Records shown →
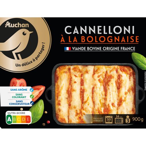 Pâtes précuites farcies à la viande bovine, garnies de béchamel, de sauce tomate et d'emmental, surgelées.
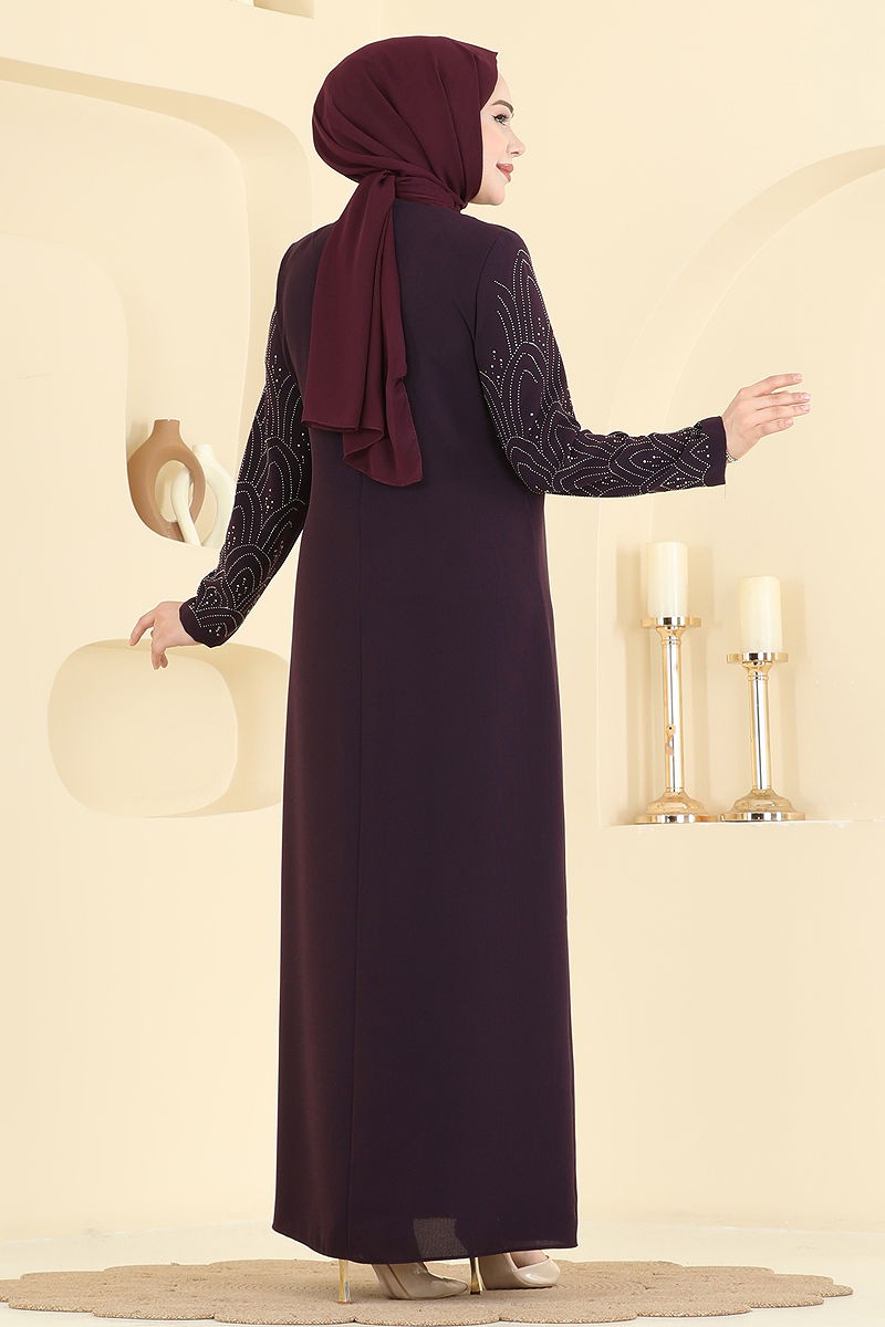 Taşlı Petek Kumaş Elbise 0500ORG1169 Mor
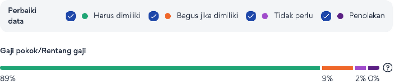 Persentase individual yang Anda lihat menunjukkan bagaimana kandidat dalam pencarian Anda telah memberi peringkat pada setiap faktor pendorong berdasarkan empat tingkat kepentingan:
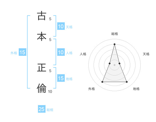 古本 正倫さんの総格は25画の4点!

* * *

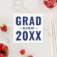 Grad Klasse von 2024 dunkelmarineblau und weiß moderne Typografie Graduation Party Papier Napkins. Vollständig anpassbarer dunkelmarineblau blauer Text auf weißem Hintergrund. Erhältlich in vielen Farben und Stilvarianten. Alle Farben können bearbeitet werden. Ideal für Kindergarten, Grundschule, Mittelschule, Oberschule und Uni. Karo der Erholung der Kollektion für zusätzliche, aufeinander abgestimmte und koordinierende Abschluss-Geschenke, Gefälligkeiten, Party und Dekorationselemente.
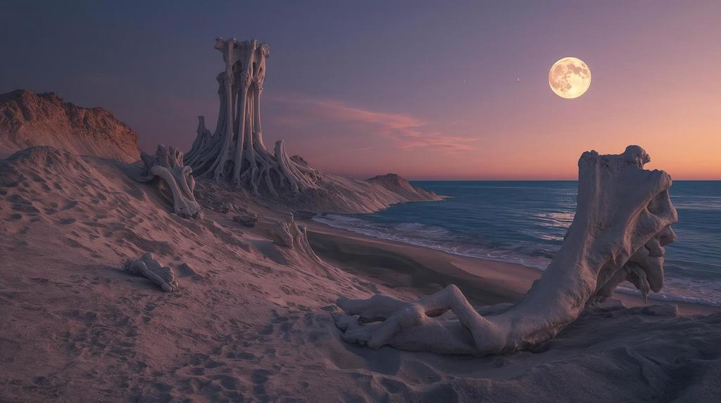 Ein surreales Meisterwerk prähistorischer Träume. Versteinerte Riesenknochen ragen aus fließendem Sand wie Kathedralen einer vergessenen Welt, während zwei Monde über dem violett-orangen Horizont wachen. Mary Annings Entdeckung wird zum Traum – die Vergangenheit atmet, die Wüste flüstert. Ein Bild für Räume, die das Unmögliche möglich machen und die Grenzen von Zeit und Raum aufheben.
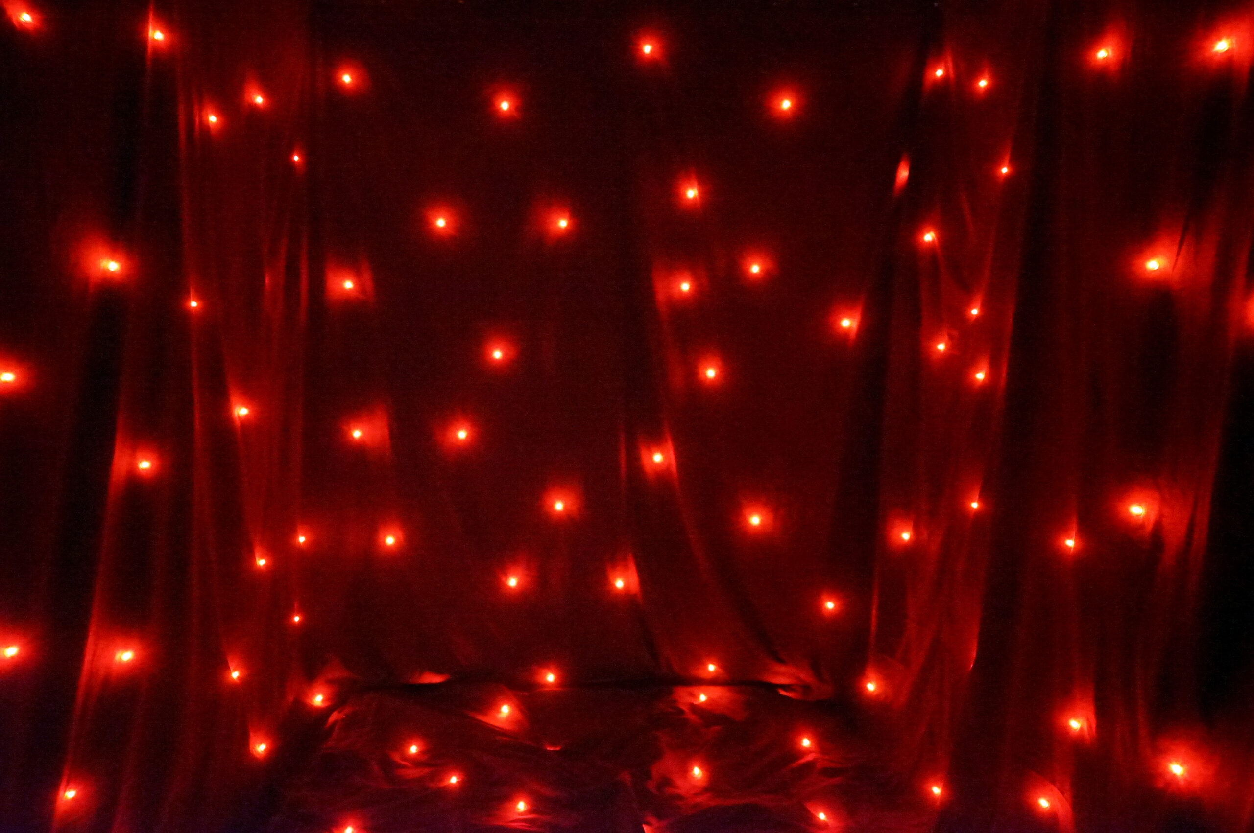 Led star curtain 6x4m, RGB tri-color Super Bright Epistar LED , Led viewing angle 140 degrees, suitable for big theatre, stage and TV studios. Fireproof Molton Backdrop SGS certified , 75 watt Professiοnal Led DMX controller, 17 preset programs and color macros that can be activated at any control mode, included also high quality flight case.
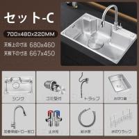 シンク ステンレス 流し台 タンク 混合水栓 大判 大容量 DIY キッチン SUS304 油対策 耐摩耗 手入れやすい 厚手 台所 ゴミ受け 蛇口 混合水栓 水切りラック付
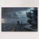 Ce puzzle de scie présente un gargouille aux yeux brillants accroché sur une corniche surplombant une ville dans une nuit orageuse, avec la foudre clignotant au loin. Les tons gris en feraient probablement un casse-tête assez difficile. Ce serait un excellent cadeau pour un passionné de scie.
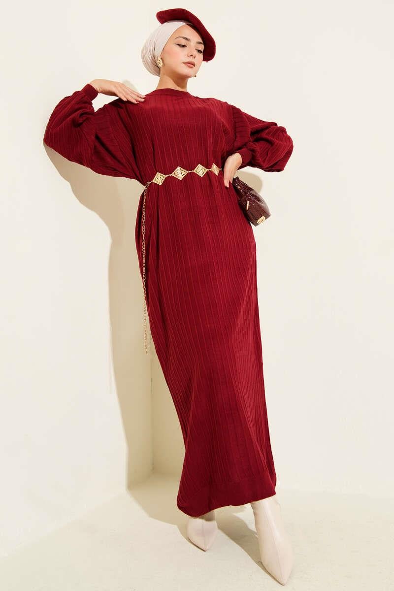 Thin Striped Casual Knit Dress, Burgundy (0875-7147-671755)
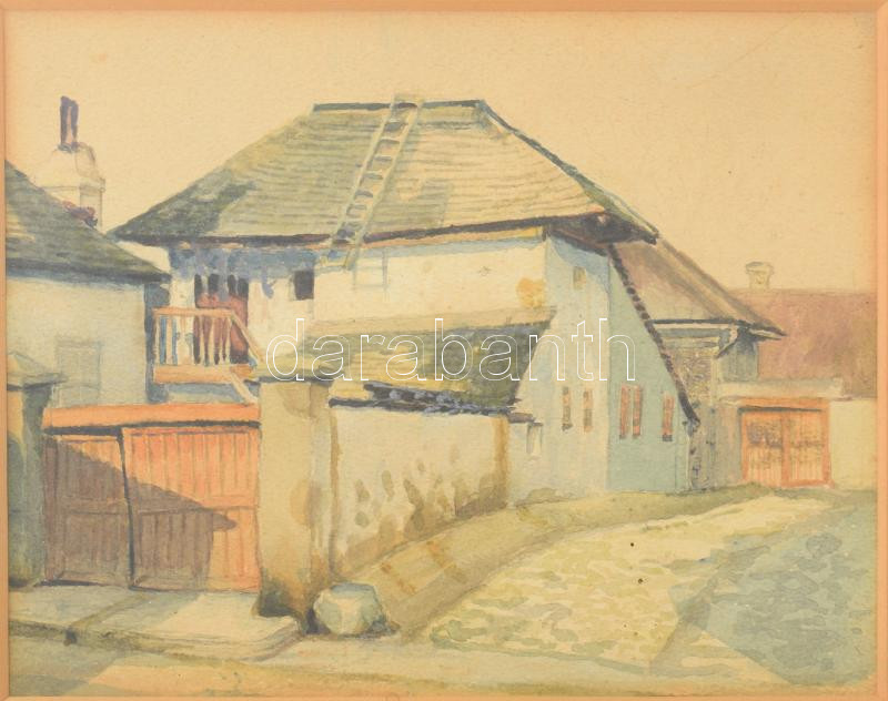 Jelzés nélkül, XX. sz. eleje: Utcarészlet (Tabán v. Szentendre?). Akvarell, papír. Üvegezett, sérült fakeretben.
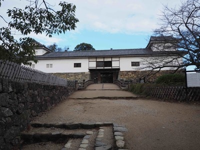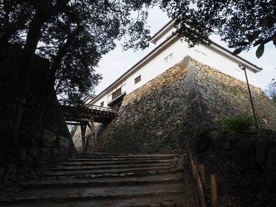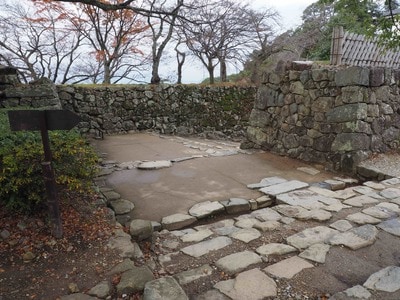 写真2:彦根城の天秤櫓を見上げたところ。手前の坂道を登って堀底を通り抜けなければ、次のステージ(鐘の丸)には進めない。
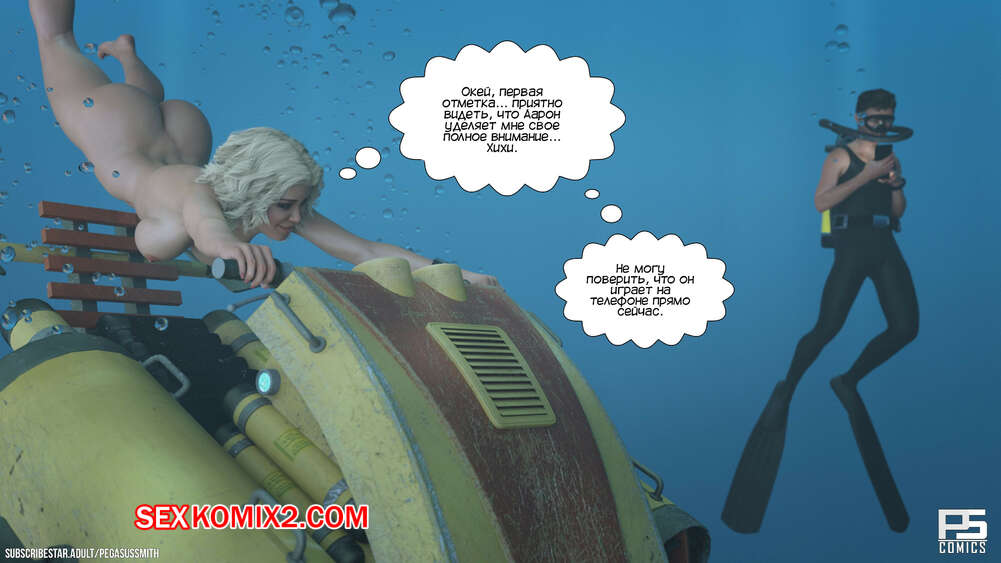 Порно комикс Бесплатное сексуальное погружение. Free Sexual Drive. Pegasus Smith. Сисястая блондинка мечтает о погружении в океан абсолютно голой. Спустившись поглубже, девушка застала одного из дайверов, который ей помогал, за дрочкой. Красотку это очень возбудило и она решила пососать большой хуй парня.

* * *

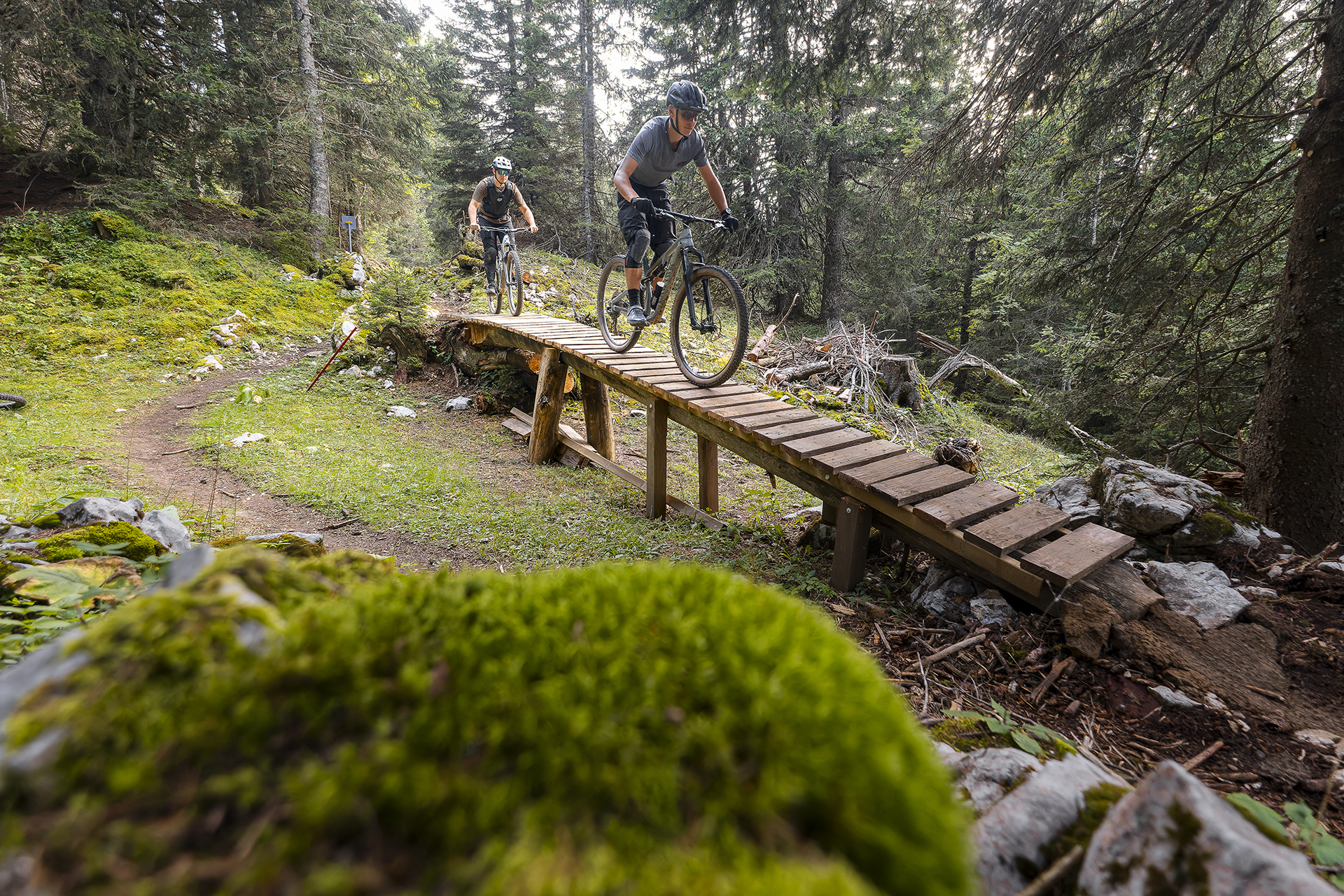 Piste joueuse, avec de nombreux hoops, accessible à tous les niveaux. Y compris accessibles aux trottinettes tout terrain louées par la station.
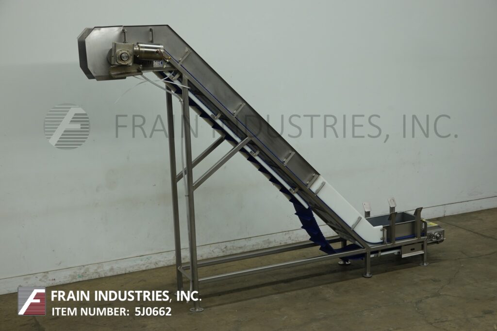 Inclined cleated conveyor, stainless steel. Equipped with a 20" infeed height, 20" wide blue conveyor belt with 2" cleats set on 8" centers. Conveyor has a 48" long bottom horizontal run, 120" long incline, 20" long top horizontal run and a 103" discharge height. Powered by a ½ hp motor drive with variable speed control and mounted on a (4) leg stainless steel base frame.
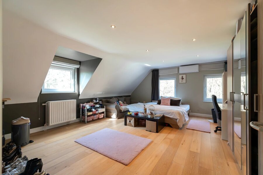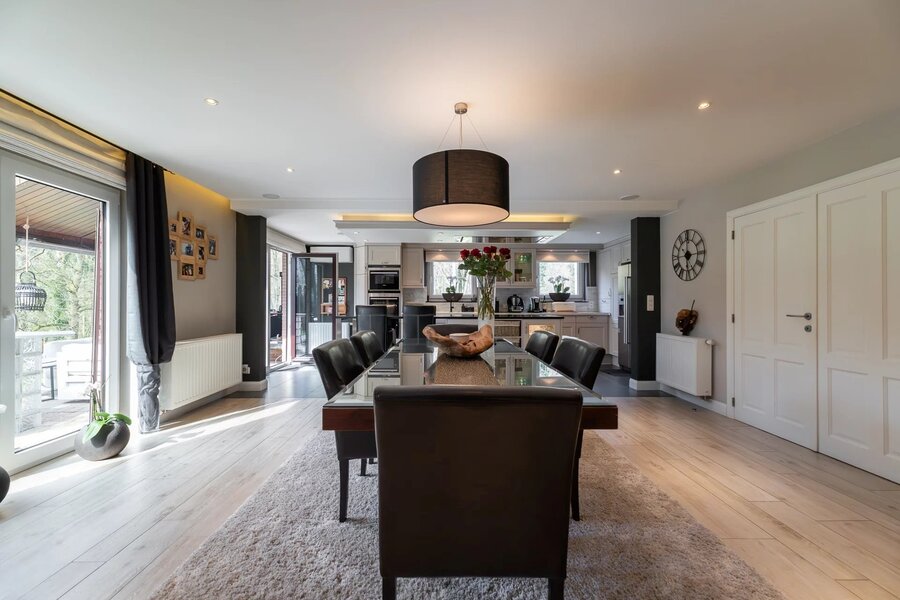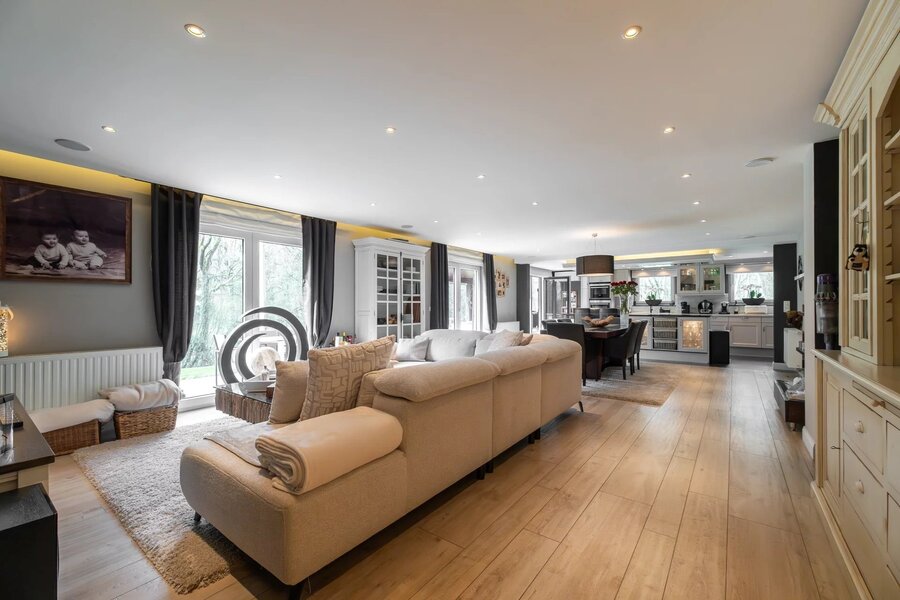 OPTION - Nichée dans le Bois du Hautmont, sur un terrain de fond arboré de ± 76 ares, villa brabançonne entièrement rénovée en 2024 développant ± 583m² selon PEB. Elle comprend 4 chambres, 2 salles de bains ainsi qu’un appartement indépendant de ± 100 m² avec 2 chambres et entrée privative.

Problem to work on → Take the lines above starting at the one containing "Piste joueuse, avec" and ending at the one containing "Inclined cleated conveyor, stainless", and print them again exactly, without pictures.

Result for this exercise →
 Piste joueuse, avec de nombreux hoops, accessible à tous les niveaux. Y compris accessibles aux trottinettes tout terrain louées par la station.
 Inclined cleated conveyor, stainless steel. Equipped with a 20" infeed height, 20" wide blue conveyor belt with 2" cleats set on 8" centers. Conveyor has a 48" long bottom horizontal run, 120" long incline, 20" long top horizontal run and a 103" discharge height. Powered by a ½ hp motor drive with variable speed control and mounted on a (4) leg stainless steel base frame.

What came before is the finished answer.